[Extracted entries Boundary: Start]
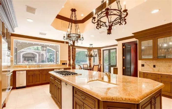 厨房采用了美国传统的开放式设计,中央设计了一个超大的岛台,大理石材质的台面搭配吊灯和宽大的窗扇装饰,更提升了空间内格调,而且厨房还有一扇门直通院子,我们后面再去~
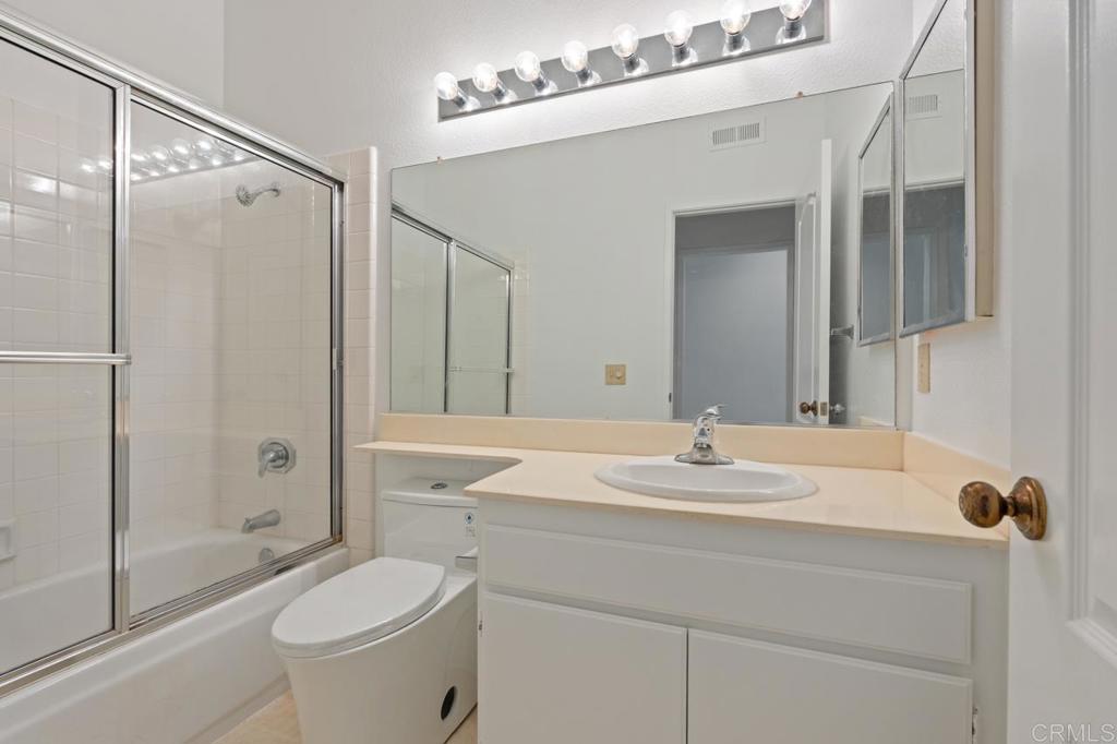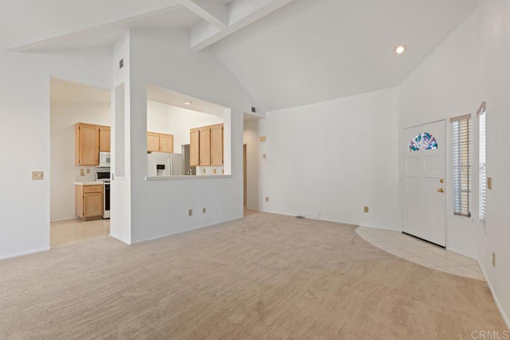 Welcome to your peaceful retreat in the heart of Tierrasanta! This rarely available upper-level 2 bed, 2 bath condo offers 1,226 sq ft of open-concept living nestled in a secluded and beautifully landscaped community. Vaulted ceilings and large windows create an airy, light-filled ambiance throughout the home, while the private balcony offers a tranquil space to relax under the canopy of mature trees. Step inside to a spacious living room with a gas fireplace and direct access to the private patio—ideal for morning coffee or evening wine. The kitchen offers abundant cabinet space and a functional layout, with an adjacent laundry room and storage. The oversized primary suite includes a walk-in closet and an en-suite bathroom. A private 1-car garage with direct access adds rare convenience and storage. Additional highlights include: newer carpet, abundant storage, well-maintained community pool and spa, and a serene natural setting just moments from the Mission Trails trailhead. Ideally located near the 52 freeway for easy commuting, and a short drive to shopping, dining, and all that San Diego has to offer. This Tierrasanta gem is perfect for first-time buyers, military, or anyone seeking a low-maintenance, lock-and-leave lifestyle in a sought-after neighborhood.
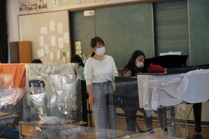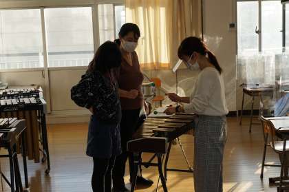 音楽クラブです。パプリカの合奏に向けて練習をしています。音楽クラブは「チーム学校」実現事業の費用を使い、地域の方の支援を受けて行っています。
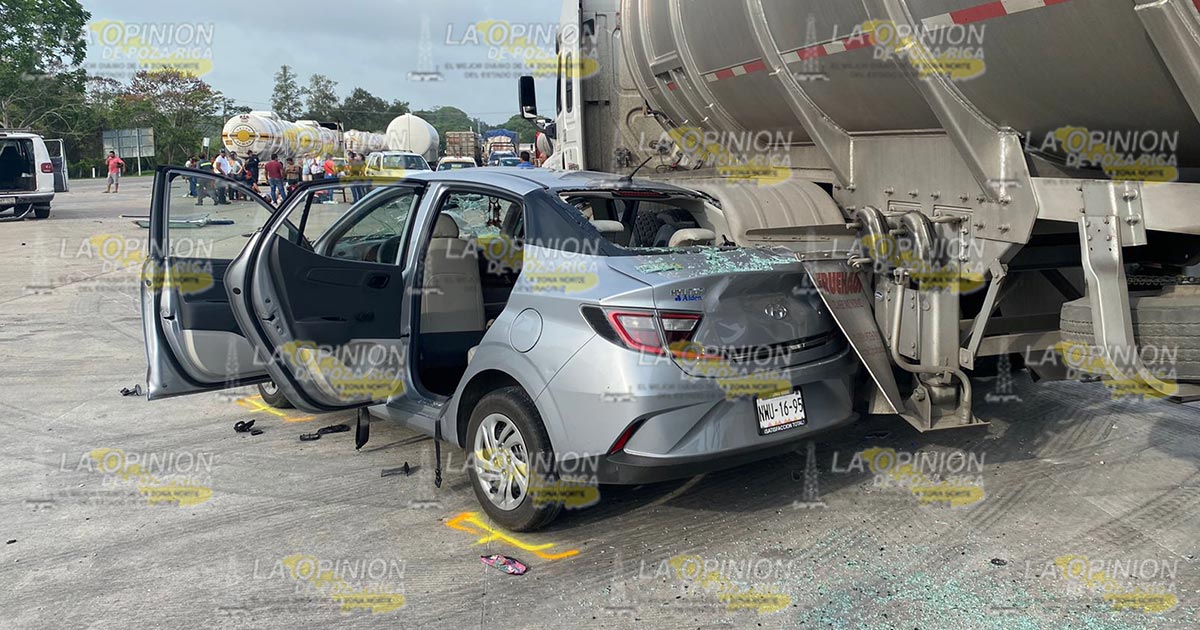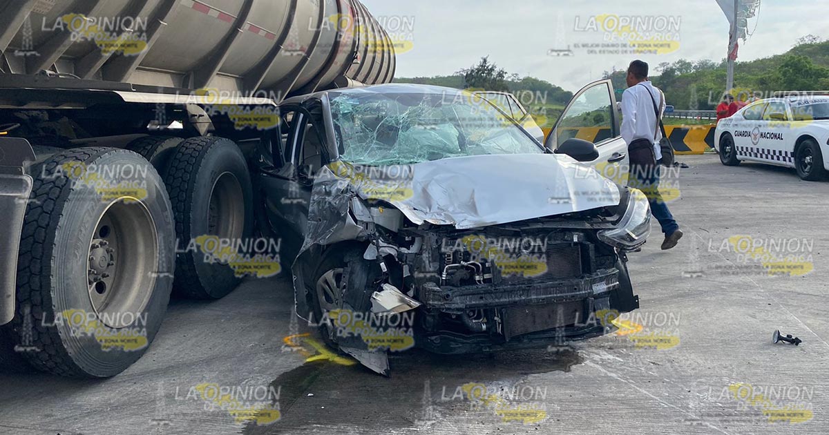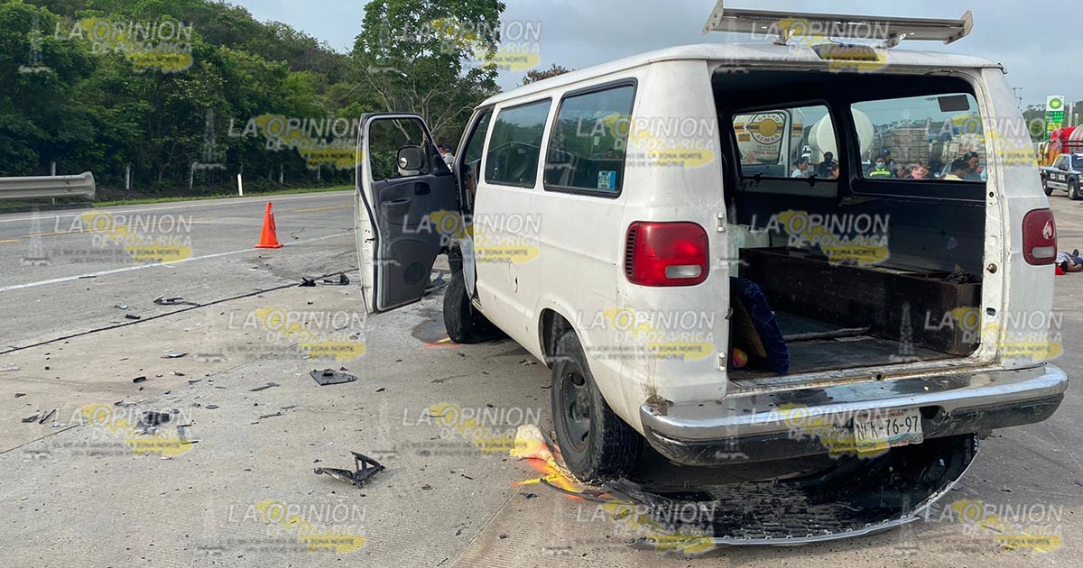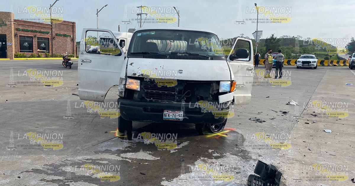 Tihuatlán, Ver.- Un fuerte accidente se presentó en la carretera Tihuatlán-Tuxpan a la altura de localidad de Chichicoaxtla cuando un automóvil compacto intentó rebasar a una unidad de transporte de personal, lo que provocó una fuerte colisión en la cual varias personas resultaron lesionadas.
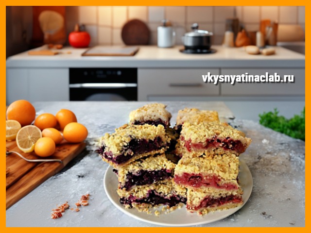 - Выпечка: выпекать печенье в разогретой духовке 15-20 минут, пока оно не приобретет золотистый оттенок. Остудить печенье на противне, затем аккуратно разрезать на небольшие кубики, ромбики или полоски. Посыпать печенье сахарной пудрой.
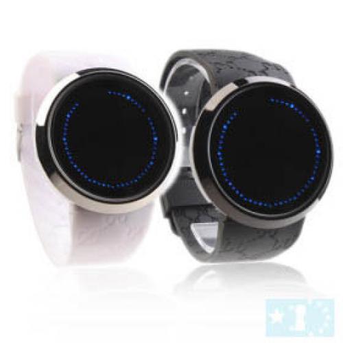 Montre a led haut de gamme a l'affichage circulaire de couleur bleu.
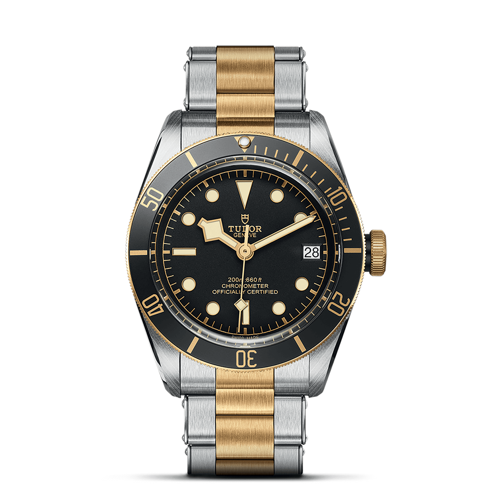 旋入式上链表冠,刻有帝舵表玫瑰标志,黑色漆面,配黑色阳极氧化铝上链表冠轴;精钢覆有0.3毫米18K黄金薄层
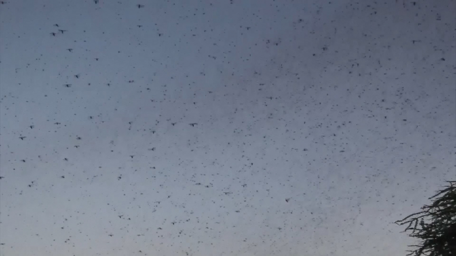 白茫茫的一片,幾乎遮蔽了天空,這就是蝗蟲過境的恐怖景象。估計蝗蟲群至少盤據了地表以上十二公尺的高度。蝗蟲飛過的農田,把所有作物,全都一掃而空。這片燕麥田,原本麥子已經長到40公分。在蝗蟲過境後,什麼都不剩。眼看即將收成的血汗成果,一夜之間,全部歸零,這個農民,真的欲哭無淚。
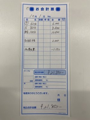 昨日出勤してくれた学生さん(20歳)の給与明細をご紹介します。
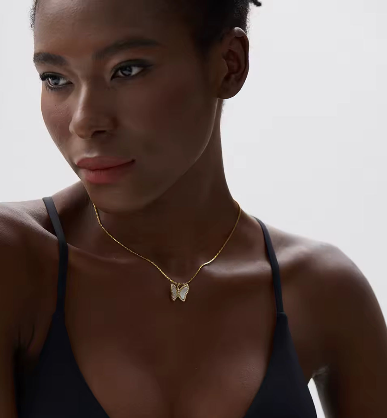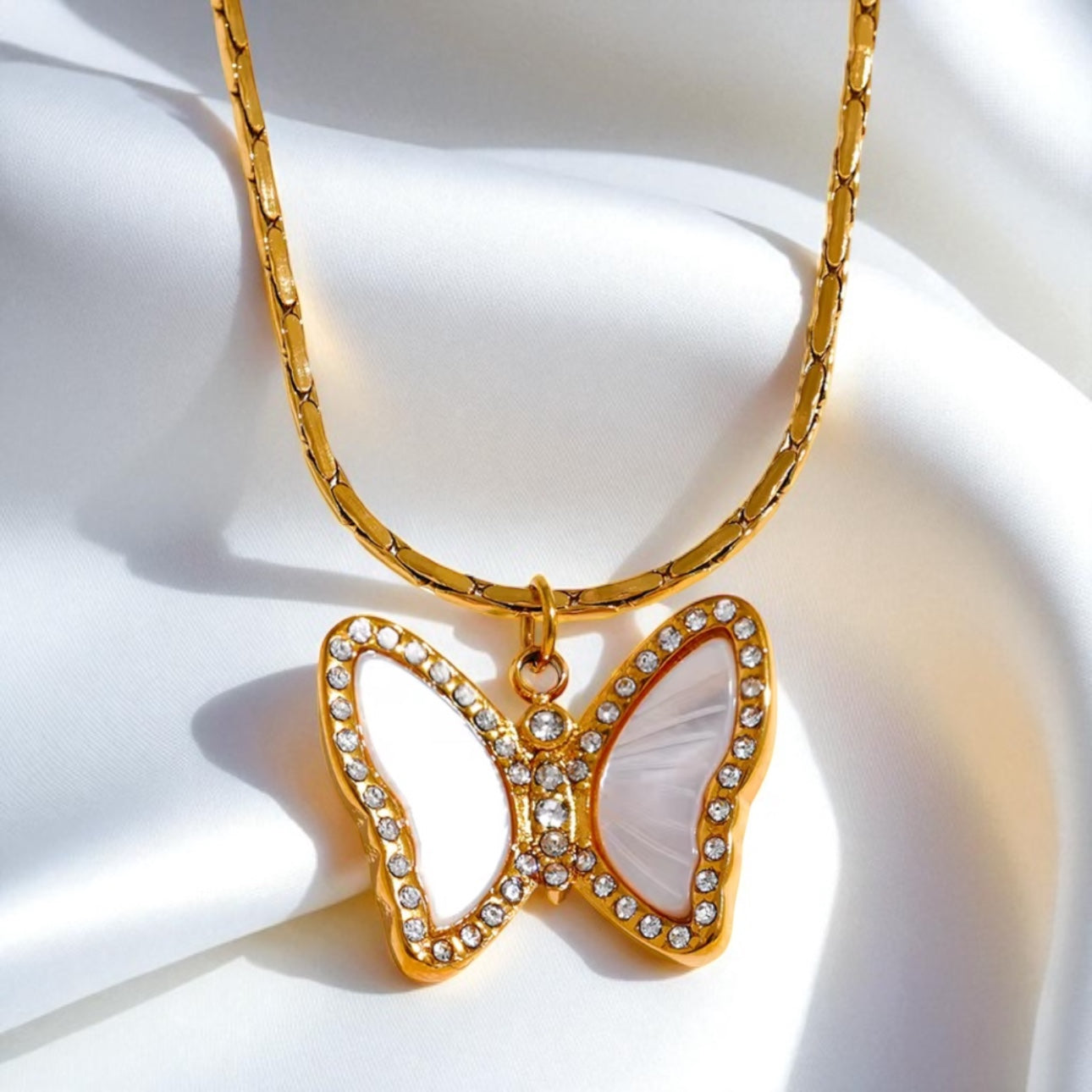 Delicately enchanting and effortlessly elegant, our White Butterfly Shell Necklace captures the beauty of transformation and grace. Adorned with shimmering cubic zirconia accents, this necklace shines with subtle sparkle, perfect for adding a touch of magic to any outfit.
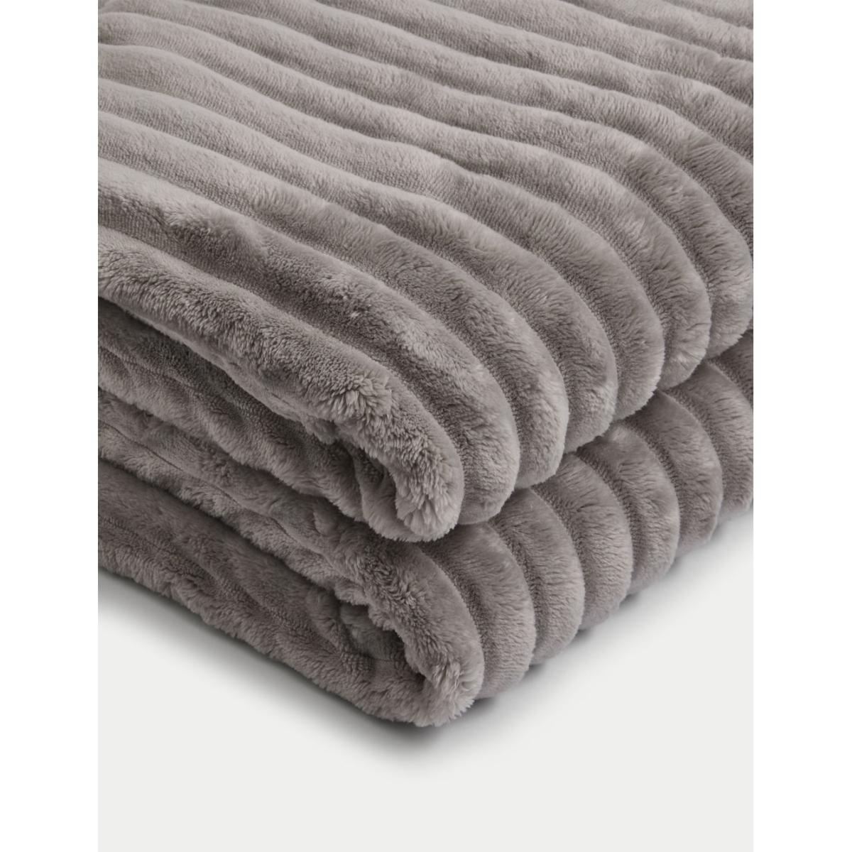 M&S Fleece Ribbed Throw - MED - Grey, Grey
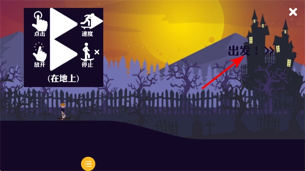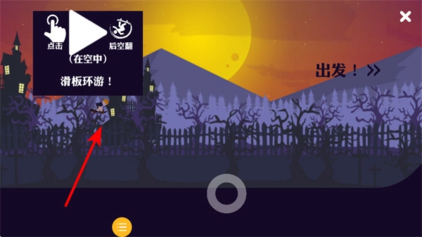 1、在游戏里,点击出发按钮即可开启滑板环游之旅,这是进入游戏挑战的核心操作,能操控角色在万圣节场景中开启冒险。
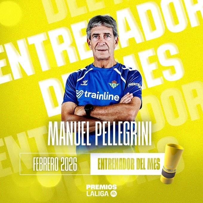 零点吧足球2月23日讯 官方消息,贝蒂斯主帅佩莱格里尼当选西甲二月最佳主帅。
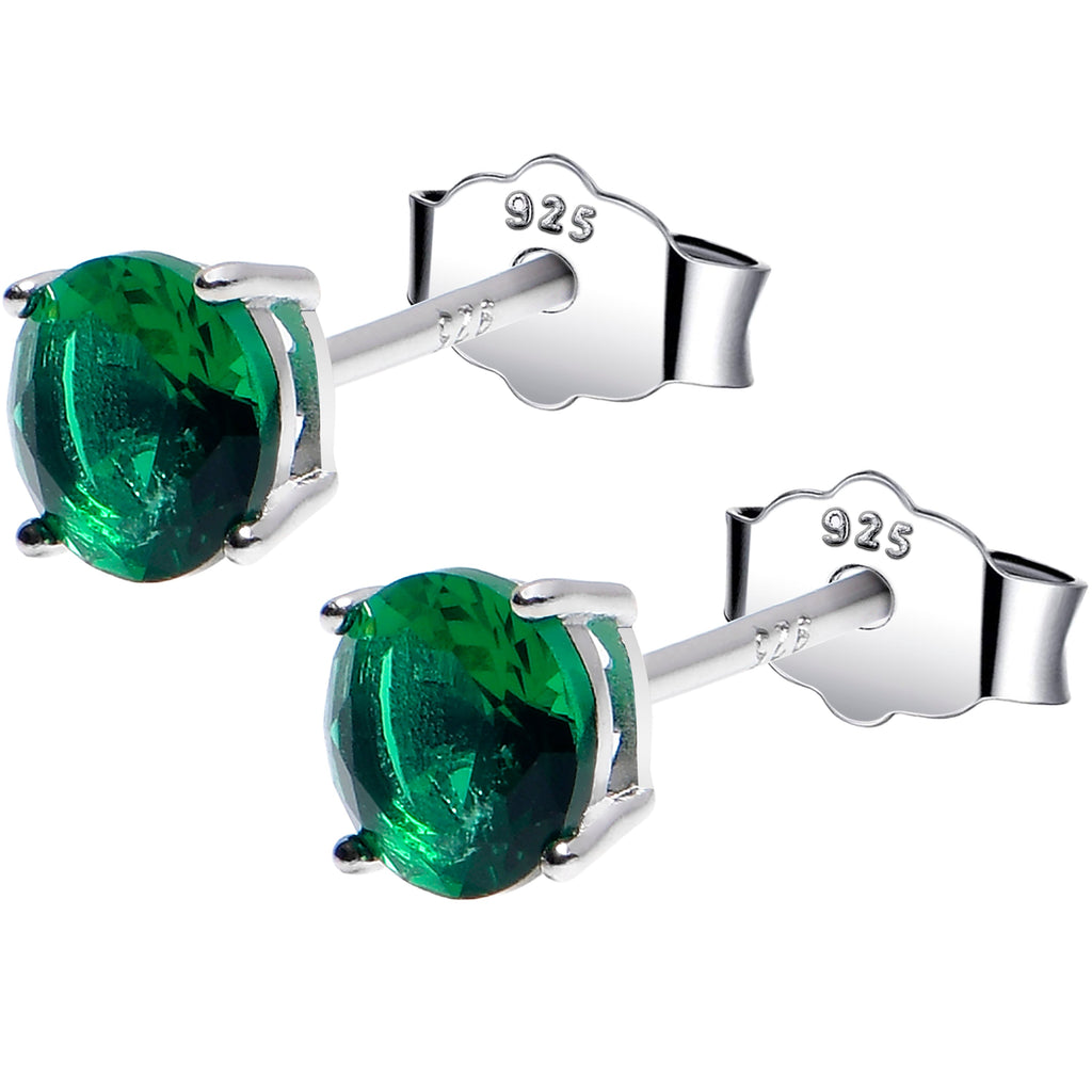 5mm CZ 925 Sterling Silver May Birthstone Stud Earrings
[Extracted entries Boundary: End]
Work required |
A word-for-word copy of the lines from the one containing "1、在游戏里,点击出发按钮即" through the last line of the records is what is wanted, without pictures and without any other line.

Solved exercise |
 1、在游戏里,点击出发按钮即可开启滑板环游之旅,这是进入游戏挑战的核心操作,能操控角色在万圣节场景中开启冒险。
 零点吧足球2月23日讯 官方消息,贝蒂斯主帅佩莱格里尼当选西甲二月最佳主帅。
 5mm CZ 925 Sterling Silver May Birthstone Stud Earrings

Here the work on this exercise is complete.